(Beginning of Task material)
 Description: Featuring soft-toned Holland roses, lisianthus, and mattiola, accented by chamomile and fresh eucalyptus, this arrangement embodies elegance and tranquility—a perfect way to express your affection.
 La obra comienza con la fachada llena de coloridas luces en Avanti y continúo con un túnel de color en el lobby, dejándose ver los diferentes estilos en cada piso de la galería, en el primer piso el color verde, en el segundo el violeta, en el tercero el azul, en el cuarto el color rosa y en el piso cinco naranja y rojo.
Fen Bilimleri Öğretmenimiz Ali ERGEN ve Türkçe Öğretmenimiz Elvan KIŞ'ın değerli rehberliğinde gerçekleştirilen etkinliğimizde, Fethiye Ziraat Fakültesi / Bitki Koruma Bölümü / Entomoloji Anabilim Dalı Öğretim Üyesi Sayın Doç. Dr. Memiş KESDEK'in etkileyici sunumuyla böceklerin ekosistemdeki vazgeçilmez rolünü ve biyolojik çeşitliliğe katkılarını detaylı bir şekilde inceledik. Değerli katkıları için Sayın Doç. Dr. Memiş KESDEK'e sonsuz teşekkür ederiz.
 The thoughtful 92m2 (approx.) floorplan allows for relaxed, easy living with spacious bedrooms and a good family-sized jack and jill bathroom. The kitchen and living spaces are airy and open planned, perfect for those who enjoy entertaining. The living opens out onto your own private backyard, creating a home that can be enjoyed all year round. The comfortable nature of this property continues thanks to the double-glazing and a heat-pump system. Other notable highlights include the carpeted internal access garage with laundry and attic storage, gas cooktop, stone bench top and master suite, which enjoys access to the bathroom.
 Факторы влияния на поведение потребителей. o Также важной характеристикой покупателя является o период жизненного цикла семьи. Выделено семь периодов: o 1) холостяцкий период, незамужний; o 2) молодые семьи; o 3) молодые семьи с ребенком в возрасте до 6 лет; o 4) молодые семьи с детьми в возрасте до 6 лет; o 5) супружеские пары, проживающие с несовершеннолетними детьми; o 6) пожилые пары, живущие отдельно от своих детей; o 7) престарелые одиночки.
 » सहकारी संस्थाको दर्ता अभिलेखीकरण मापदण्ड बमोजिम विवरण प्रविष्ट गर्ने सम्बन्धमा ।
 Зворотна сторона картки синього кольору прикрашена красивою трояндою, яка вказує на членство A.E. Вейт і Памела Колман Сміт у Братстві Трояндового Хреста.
(End of Task material)
(Beginning of Task material)
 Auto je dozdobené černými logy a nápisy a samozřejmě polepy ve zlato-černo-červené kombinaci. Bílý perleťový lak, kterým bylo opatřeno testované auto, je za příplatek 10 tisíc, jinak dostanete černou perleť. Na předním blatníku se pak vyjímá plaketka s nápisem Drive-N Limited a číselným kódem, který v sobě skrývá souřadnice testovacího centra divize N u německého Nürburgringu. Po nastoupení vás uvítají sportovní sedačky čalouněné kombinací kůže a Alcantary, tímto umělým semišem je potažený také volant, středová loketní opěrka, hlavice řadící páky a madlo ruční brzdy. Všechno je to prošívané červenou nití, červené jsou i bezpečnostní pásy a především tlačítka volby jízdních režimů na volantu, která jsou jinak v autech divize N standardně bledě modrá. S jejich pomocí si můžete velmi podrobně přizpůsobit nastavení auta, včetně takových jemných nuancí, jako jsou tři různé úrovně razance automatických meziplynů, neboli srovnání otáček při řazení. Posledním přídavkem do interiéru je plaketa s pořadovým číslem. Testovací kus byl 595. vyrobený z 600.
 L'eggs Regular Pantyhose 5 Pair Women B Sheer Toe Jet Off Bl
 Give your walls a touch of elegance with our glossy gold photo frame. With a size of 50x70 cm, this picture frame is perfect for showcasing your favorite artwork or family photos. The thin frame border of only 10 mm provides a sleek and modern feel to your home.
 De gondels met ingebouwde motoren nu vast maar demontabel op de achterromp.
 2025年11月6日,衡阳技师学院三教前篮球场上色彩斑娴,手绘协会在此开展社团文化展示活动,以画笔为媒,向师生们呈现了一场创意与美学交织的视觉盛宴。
(End of Task material)
• **Exercise prompt**:
From the records above, copy only the lines starting with the line that holds "Give your walls" and going on through the line that holds "2025年11月6日,衡阳技", exactly as written.

• **Response**:
 Give your walls a touch of elegance with our glossy gold photo frame. With a size of 50x70 cm, this picture frame is perfect for showcasing your favorite artwork or family photos. The thin frame border of only 10 mm provides a sleek and modern feel to your home.
 De gondels met ingebouwde motoren nu vast maar demontabel op de achterromp.
 2025年11月6日,衡阳技师学院三教前篮球场上色彩斑娴,手绘协会在此开展社团文化展示活动,以画笔为媒,向师生们呈现了一场创意与美学交织的视觉盛宴。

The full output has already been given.